Вернемся, однако, к суровой прозе. В Берлине, где проживало большинство восточноевропейских евреев, существовали районы их компактного расселения. Состоятельные представители русско-еврейской эмиграции селились в западном и северном Берлине, особенно типичным для русско-еврейской эмиграции считался район Шарлоттенбург. Большинство же бедного населения было сосредоточено в районе Шойненфиртель на северо-востоке Берлина. Жилищные условия были гораздо хуже, чем в среднем по городу: по данным инспекции района, проведенной в 1925 году, на один гектар площади в Шойненфиртеле приходилось 1477 жителей (в среднем по Берлину – 296), 8,5 % всех квартир представляли собой чердачные помещения180. В условиях скученности и антисанитарии в Шойненфиртеле население страдало от эпидемий и педикулеза181.
Многие русско-еврейские мигранты старались покинуть Берлин и уехать либо во Францию (и дальше, в США), либо в Палестину, либо назад, в Восточную Европу. Трансмиграция поддерживалась еврейскими организациями, дорожные расходы (билет, виза и т.д.) были одной из основных статей, по которым Союз русских евреев оказывал помощь своим просителям. Существовали и варианты трудоустройства в экзотических странах: в марте 1925 года Общество помощи евреев-врачей эмигрантов объявило о наличии для врачей работы во Французском и в Бельгийском Конго182.
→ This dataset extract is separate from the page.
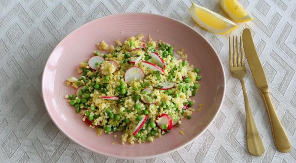 Описание: 200 г пшена3-4 пера зеленого лука10-12 редисок100 г свежего или замороженного зеленого горошка1 большой пучок укропа60 г сыра фетасоль по вкусуДля заправки:3 ст.л. оливкового масла3 ст.л. лимонного сока1 ч.л. лимонной цедрысоль и черный молотый перец по вкусуСмешайте ингредиенты заправки, приправьте солью и перцем.Промойте пшено до чистой воды в дуршлаге с мелкими ячейками, стряхните воду.Вскипятите 500 мл воды, посолите и всыпьте пшено. Убавьте огонь до слабого, закройте кастрюлю крышкой и готовьте 15 минут. Вода впитается, крупа станет мягкой, но не разварится. Начните проверять готовность крупы на несколько минут раньше. Как только вся вода впитается, снимите кастрюлю с плиты, разрыхлите крупу вилкой и оставьте под крышкой на 5 минут. Затем разрыхлите вилкой еще раз и остудите.Пока готовится крупа, нарежьте мелко укроп, по диагонали - зеленый лук, тонкими кружками – редис. Зеленый горошек залейте кипятком и оставьте на 5 минут, затем слейте воду.Смешайте все ингредиенты салата, полейте заправкой, перемешайте. Переложите в салатник и посыпьте раскрошенной фетой.

Русско-еврейская община не была однородной. Ее представители проживали как в Шойненфиртеле, так и в Шарлоттенбурге (в целом период существования общины был слишком краток, чтобы выработалась своя топология, однако заселение этих двух районов было достаточно устойчивым), среди них были нищие и богачи, местечковые евреи и бывшие столичные жители, рабочие и интеллектуалы.
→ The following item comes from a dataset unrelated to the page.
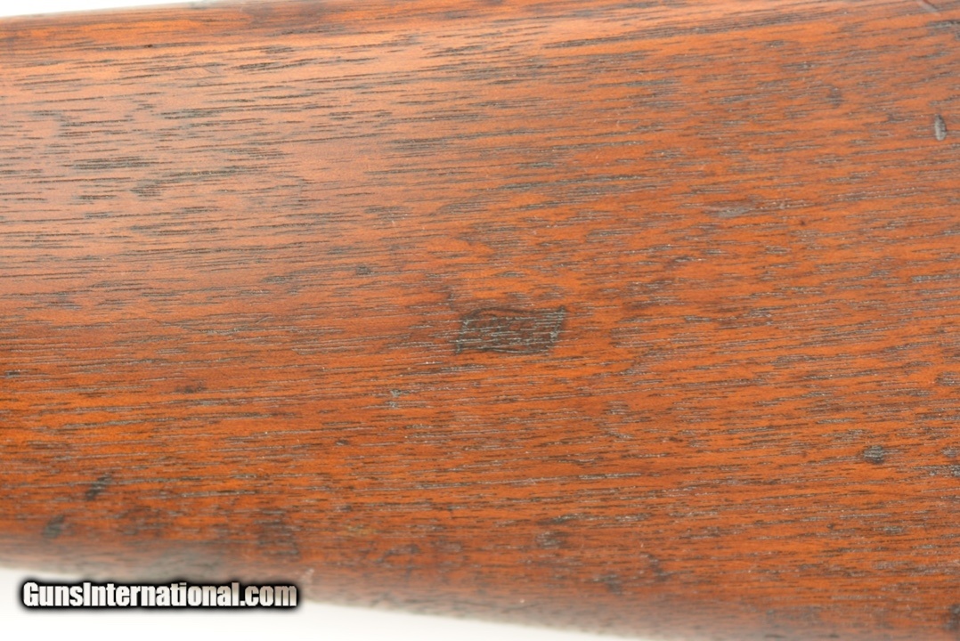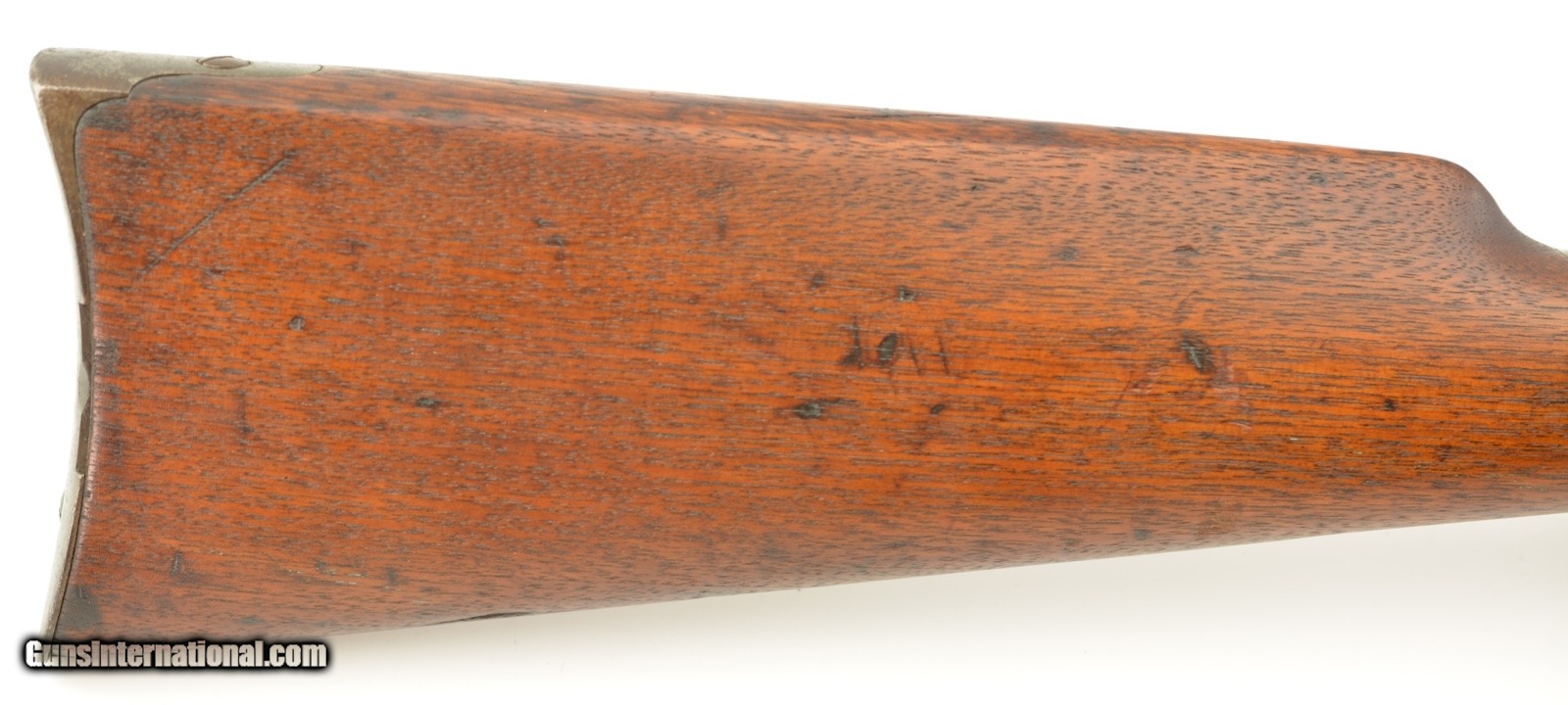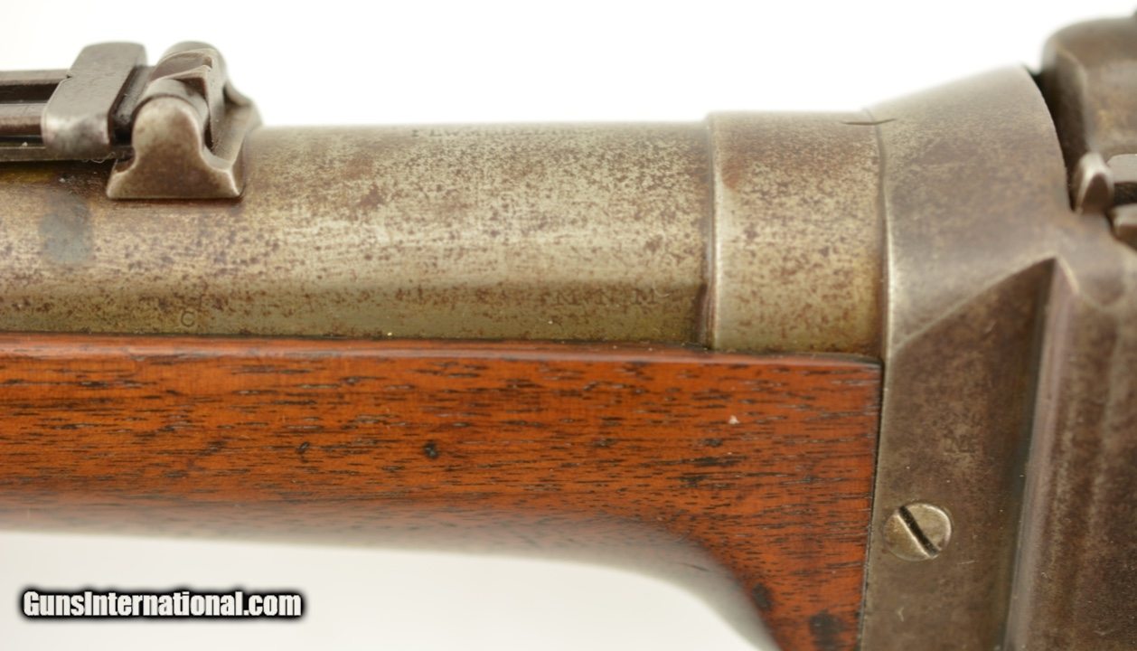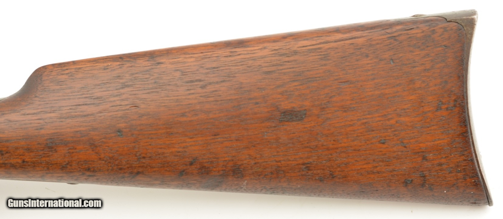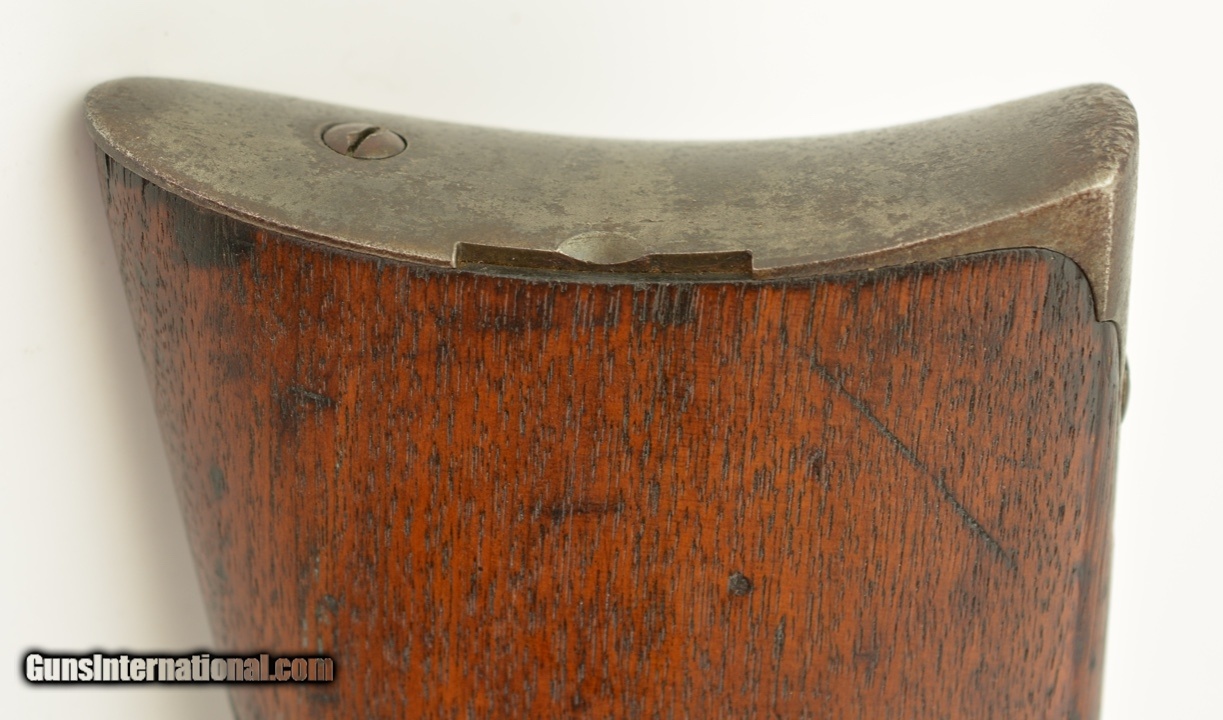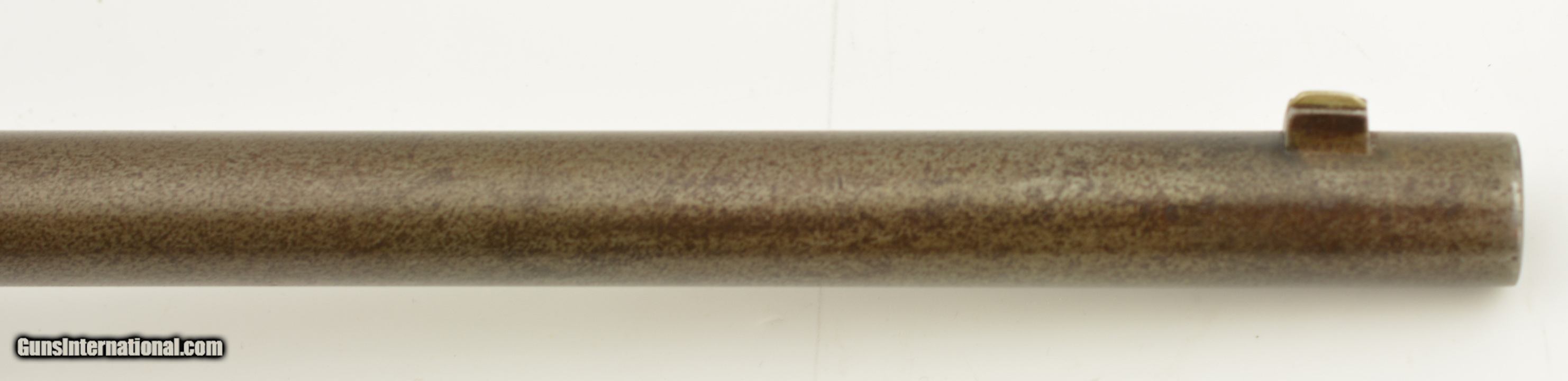 Description: Serial #C30506, .50-70, 22" barrel with an excellent, bright bore. This was an original Civil War carbine, converted to metallic cartridge by the US government after the war had ended. The carbine has matching numbers on the receiver and barrel, with the metal having an overall plum-brown and mottled gray patina. The breech-block was fitted with the early, spring-loaded firing pin, and the original bore was left intact, unlike later conversions that had three-groove liners installed. The walnut forend and buttstock have numerous small handling marks and minor blemishes scattered about the reapplied military oil finish. The buttstock itself was replaced during the conversion, does not have the original patchbox, and has the "DFC" rework cartouche in the center of the stock on the left side. The sling ring is no longer present, but the action locks up tightly, and is fully functional. This is a very good-near fine example of the most desirable version of the post-war Sharps conversion. Antique SOLD |

При всех претензиях к германским властям и сложностям приспособления эмигрантов к немецким нравам и обычаям, не следует забывать, что Германия в период Веймарской республики была одним из самых свободных государств в мире. Это не всегда учитывают исследователи, принимая на веру все эмигрантские жалобы, как обоснованные, так и не слишком. И при всех сложностях жизни и ограничениях для эмигрантов – сравнительно комфортным местом для беженцев.
«Какой строй в Германии? Говорят, что республика. Вероятно, это так. Во всяком случае, в Берлине строй незаметный, а это немалое достоинство», – писал Эренбург о Германии 1920-х годов183.
Мы совершенно согласны с выводами З.С. Бочаровой, автора специального исследования о правовом положении русских беженцев Германии:
Можно сказать, что беженцы из послереволюционной России стали большим бременем для экономики, внутри– и внешнеполитической жизни Германии. Не являясь до 1926 г. членом Лиги Наций, Германия присоединялась к международным соглашениям, касающимся беженского вопроса, с целью облегчить жизнь бывшим подданным Российской империи… Правовое поле, в котором приходилось жить беженству, формировалось постепенно… Главное, на что ориентировалось германское правительство, это достижение стабильности в обществе, угроза которой усугублялась наплывом бесподданных, защита интересов немецких граждан, налаживание международных отношений – одним словом, на обеспечение национальной безопасности страны.
Российские беженцы, хотя и сталкивались с нарушением гражданских прав, находились в лучшем положении, чем в Польше, Румынии, Турции или Китае. И если бы эмигрантским организациям удалось найти общий язык, выработать единую платформу, не компрометировать себя идейно-политическими противоречиями, взаимным подсиживанием и интригами, это положительно сказалось бы на решении правового вопроса184.
Как бы то ни было, несмотря на юридические и иные трудности и постоянные колебания численности общины, Берлин, уступив пальму первенства политической и культурной столицы русского зарубежья Парижу, вплоть до середины 1930-х годов оставался одной из столиц русско-еврейской эмиграции. Этому способствовали среди прочего тесные связи, установившиеся между некоторыми немецко-еврейскими организациями и деятелями русско-еврейского Берлина, о чем пойдет речь в следующих главах.